ProcessWire updates and additions in progress

3 April 2020 by Ryan Cramer 3 Comments

This week we’ve got a few new and interesting core updates in progress, though none quite ready to release just yet. So rather than releasing version 3.0.154 today, I thought we'd instead take a brief look at what’s coming over the next few weeks…

Expanded file and image field properties
New PageFamily API and class
New ProCache version with built-in crawler

Expanded file and image field properties

ProcessWire’s file and image fields consider the files they store to be the source of properties like width, height, file size (bytes) and such. Meaning, this information is not stored in the database and is instead obtained directly from the files on the file system. That makes it quite efficient in that there’s no overlap or redundancy in duplicating information.

While this setup is efficient, there are also some drawbacks. This information obtained from the files can’t be easily searched the way everything else in ProcessWire is. For instance, we can’t currently do things like find all pages that have an image at least 1000 pixels wide and 600 pixels tall (or some other dimensions you choose). Nor can we tell which images are portrait or landscape (or some aspect ratio) without loading the page and accessing the images. When it comes to storage, we can’t move our assets to some other file storage system (like S3) since PW needs direct file system access to the files in order to know anything about their size or dimension.

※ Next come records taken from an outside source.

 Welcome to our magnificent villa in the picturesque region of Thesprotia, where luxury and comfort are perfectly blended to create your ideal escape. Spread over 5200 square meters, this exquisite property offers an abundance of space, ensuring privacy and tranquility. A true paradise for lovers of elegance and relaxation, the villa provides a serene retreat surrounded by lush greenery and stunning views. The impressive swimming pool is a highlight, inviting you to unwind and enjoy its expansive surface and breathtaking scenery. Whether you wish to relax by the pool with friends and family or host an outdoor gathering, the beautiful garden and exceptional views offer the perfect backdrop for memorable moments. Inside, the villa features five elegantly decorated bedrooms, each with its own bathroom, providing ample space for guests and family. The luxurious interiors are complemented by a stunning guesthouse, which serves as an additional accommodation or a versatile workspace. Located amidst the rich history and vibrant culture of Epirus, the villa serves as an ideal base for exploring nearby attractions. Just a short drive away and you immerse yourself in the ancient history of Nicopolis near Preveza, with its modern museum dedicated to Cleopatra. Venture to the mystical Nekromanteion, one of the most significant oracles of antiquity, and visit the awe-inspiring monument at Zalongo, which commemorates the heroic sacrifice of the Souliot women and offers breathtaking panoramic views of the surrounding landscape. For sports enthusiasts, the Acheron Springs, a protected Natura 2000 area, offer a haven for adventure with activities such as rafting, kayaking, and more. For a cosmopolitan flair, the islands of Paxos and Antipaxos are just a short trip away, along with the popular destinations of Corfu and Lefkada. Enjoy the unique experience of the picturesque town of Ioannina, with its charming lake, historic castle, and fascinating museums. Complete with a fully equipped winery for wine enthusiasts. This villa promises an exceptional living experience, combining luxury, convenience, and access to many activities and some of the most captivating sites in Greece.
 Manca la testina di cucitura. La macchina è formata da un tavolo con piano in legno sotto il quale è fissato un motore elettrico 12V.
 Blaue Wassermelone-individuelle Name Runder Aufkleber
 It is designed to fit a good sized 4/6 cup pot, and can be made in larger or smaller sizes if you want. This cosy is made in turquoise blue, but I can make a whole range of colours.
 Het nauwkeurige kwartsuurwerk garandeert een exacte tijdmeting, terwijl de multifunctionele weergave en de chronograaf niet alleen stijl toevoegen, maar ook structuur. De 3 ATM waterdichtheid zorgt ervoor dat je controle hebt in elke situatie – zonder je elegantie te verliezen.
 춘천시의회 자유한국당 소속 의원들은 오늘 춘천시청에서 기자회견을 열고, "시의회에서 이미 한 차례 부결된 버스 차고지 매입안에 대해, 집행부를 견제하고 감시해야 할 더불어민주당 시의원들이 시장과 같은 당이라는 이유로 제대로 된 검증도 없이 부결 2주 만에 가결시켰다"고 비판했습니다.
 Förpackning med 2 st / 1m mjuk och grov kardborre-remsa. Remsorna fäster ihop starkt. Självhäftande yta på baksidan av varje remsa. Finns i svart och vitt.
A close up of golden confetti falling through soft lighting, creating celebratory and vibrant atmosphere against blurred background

Given all of this, I’ve been working on improving our file and image fields so that properties like file size, dimensions, aspect ratio and variations become properties of the file fields that are stored in the database. That way the information can be searched with the page finder, and it can be accessed and queried without needing to hit the file system. Not only does this have search and performance benefits, but it also means it’ll open the door to supporting more asset storage options.

This is a capability that will be rolled out in parts because it’s not something that can be just turned on and off. In order to store the information in the first place, it needs to load all those pages and access all their files. It might be something that takes some time to do on an existing large site. So what I’m looking to do in the short term is just have PW start to maintain and store the information as files are uploaded and/or pages are saved, ensuring its presence for future projects. Of course, we’ll also come up with a way to pre-populate the info for existing sites too.

Following these file and image field improvements, I’m also looking to provide API methods dedicated to searching files/images independently of pages. So if you wanted to find one (or many) images matching some criteria, you could do so, and it would find and return them regardless of what page they were found on (while still adhering to access control of course).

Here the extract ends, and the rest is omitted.